Etant donné qu'à l'époque, et depuis 1900, le dollar des Etats-Unis était tel que :

             1 once d'or = $ 20,68

et qu'aujourd'hui, en 2010 :

        1 once d'or vaut plus de $ 1200,

grosso modo, le prix de l'once d'or en $ a été multiplié par un nombre de l'ordre de 60.

Pour 1€ = $ 1,20,

  1 once d'or vaut aux environs de € 1000,

(rappelons que 1 once d'or = 31,1 grammes).
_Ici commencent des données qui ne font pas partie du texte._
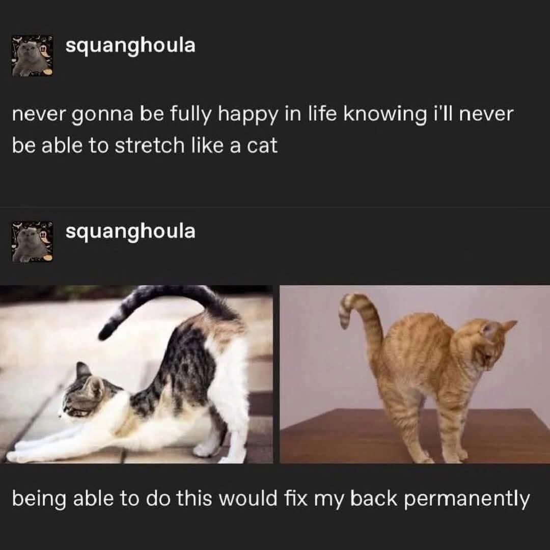 I have actually managed to unfuck my back at some point, by doing a motion like the cat on the right. 🥴

A supposer que le F - aujourd'hui abandonné - ait eu l'évolution du $ et étant donné le calcul précédent, le budget de l'Etat de la France 2010 "équivalent" au budget de 1914 serait égal à :

             5,2 x 50 = € 260 milliards

Aujourd'hui, en 2010, le budget de l'Etat s'élève à près de :

                 € 1000 milliards,

il est donc près de 4 fois celui de 1914 et de 8 fois celui de 1869, "à prix constants"...

Selon la démarche en termes du rapport "dépenses publiques/PIB", le dernier chiffre donné (source O.C.D.E.) est

                        56,9 %.

Où cette augmentation du rapport s'arrêtera-t-elle ? 
Faut-il admettre inéluctable un taux d'augmentation des dépenses publiques - à prix et revenus constants - qui double tous les demi-siècles ?


4. Les dépenses publiques dans le monde de 2010.

Il est difficile de répondre à la question.

Une chose est certaine : parmi les pays de l'O.C.D.E., seul le Danemark fait pire que la France en 2010, en termes de dépenses publiques - à prix et revenus constants - !

Selon les chiffres de l’O.C.D.E., les dépenses de l’Etat français et de ses dépendances plus ou moins directes représenteraient donc, pour 2010 :

                       56,9 % du P.I.B.

Le Danemark et la France occupent le haut du classement, devançant la Suède, le Royaume Uni, l'Italie - qui se situent au-dessus de la moyenne calculée des pays de l'euro - l’Allemagne et l'Espagne - qui se situent néanmoins au dessus de la moyenne calculée des pays de l'O.C.D.E. - le Canada, les Etats-Unis, le Japon, etc.


5. Le jour de la libération fiscale 2010 : 28 juillet.

Etant donnés ces chiffres, Contribuables associés a calculé que, pour cette année 2010, le jour de l'année où les contribuables commenceront à travailler pour eux-mêmes, et non plus pour les hommes de l'Etat, sera :

                        le 28 juillet.

En 2009, c'était le 15 juillet,
     2008                  12 juillet,
     2007                  16 juillet,
     2006                  16 juillet,
     2005                  16 juillet,
 
     2004                 16 juillet,  
     2003                 14 juillet,
     2002                 12 juillet,
     2001                 10 juillet,
     2000                 13 juillet,

     1999                 17 juillet,
     1998                 17 juillet,
     1997                 20 juillet.

En d'autres termes, après une faible amélioration de 1997 à 2001, c'est une détérioration permanente et un plongeon marginal de la situation du contribuable en France.